On March 27, President Trump signed House Joint Resolution 37, revoking the “Blacklisting” regulations put in place following former President Obama’s Executive Order on Fair Pay and Safe Workplaces (EO 13673). The EO and regulations directed federal agencies to take into account an employer’s workplace safety and other labor law violations as part of the agencies’ procurement decisions.
There were significant questions regarding due process concerns with the Blacklisting regulations. Industry strongly criticized the regulations because they allowed agencies to exclude contractors based on mere accusations, such as safety citations that had not yet gone through any adjudicatory proceedings.
Now awaiting Trump’s signature: Repeal of the “Volks II Rule”
Revoking the Blacklisting regulations was the first of several actions President Trump and his allies in Congress intend to pursue to reduce the administrative/regulatory burdens on employers. The next step in this rollback may come in the near future.
On March 22, 2017, the Senate passed House Joint Resolution 83, another CRA resolution of disapproval that will eliminate OSHA’s controversial “Volks” final rule and restore the original “Volks Rule” set by a federal court.
The history of this rule is complicated. In the Volks case, OSHA cited a company for recordkeeping violations more than six months after the company allegedly should have made certain records. OSHA argued that employers always have an ongoing obligation to create, maintain, and update records, effectively deleting the Occupational Safety and Health Act’s six-month limitations period.

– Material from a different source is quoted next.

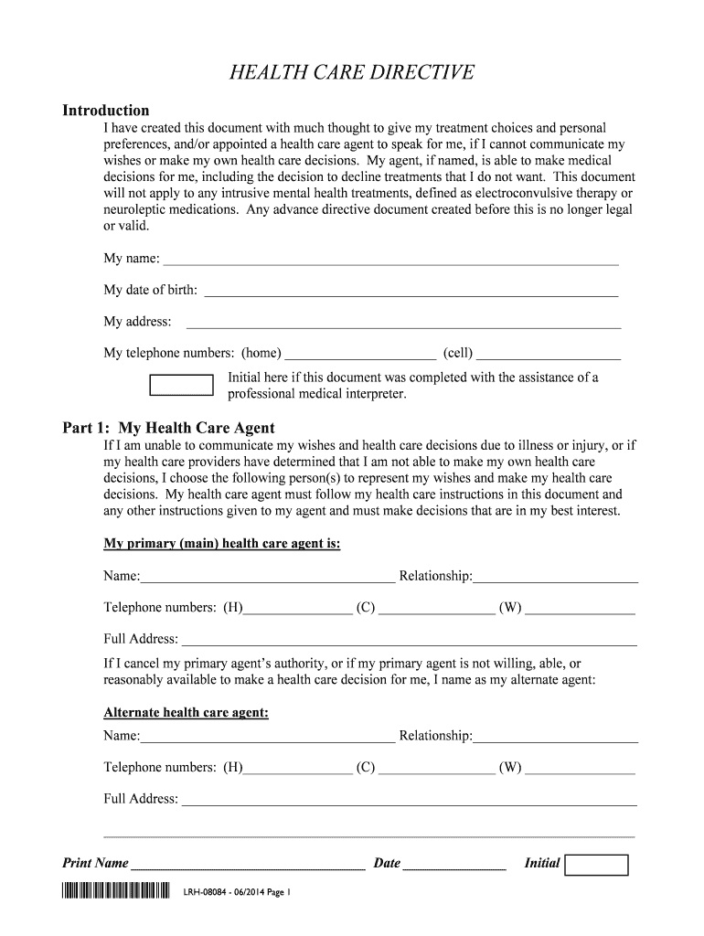 Get the free Health Care Directive combined - Lake Region Healthcare - lrhc

The U.S. Court of Appeals for the D.C. Circuit disagreed in 2012 and vacated the citation, finding that OSHA’s approach violated the six-month statute of limitations. The “Volks Rule” thus meant that recordkeeping citations must be issued within six months of when the company had a duty to create the record.
Just before leaving office, however, the Obama administration attempted to undo the Court’s ruling by issuing a final rule that effectively adopted OSHA’s losing position. The current CRA resolution in Congress seeks to restore the D.C. Circuit ruling so that the six-month limitations period applies to recordkeeping citations.
There is no reason to doubt that President Trump will sign House Joint Resolution 83. The White House has said it “strongly supports” the resolution, which means that two controversial, burdensome regulations imposed by the previous administration will be off the books.
Long term impact
CRA actions are not subject to judicial review, and under the CRA, any new regulations that are substantially the same as the revoked regulation may not be re-issued unless Congress passes another resolution overturning the first. In other words, if a future presidential administration sought to bring back the Blacklisting regulation or the Volks Rule, Congress must first pass a law specifically authorizing it.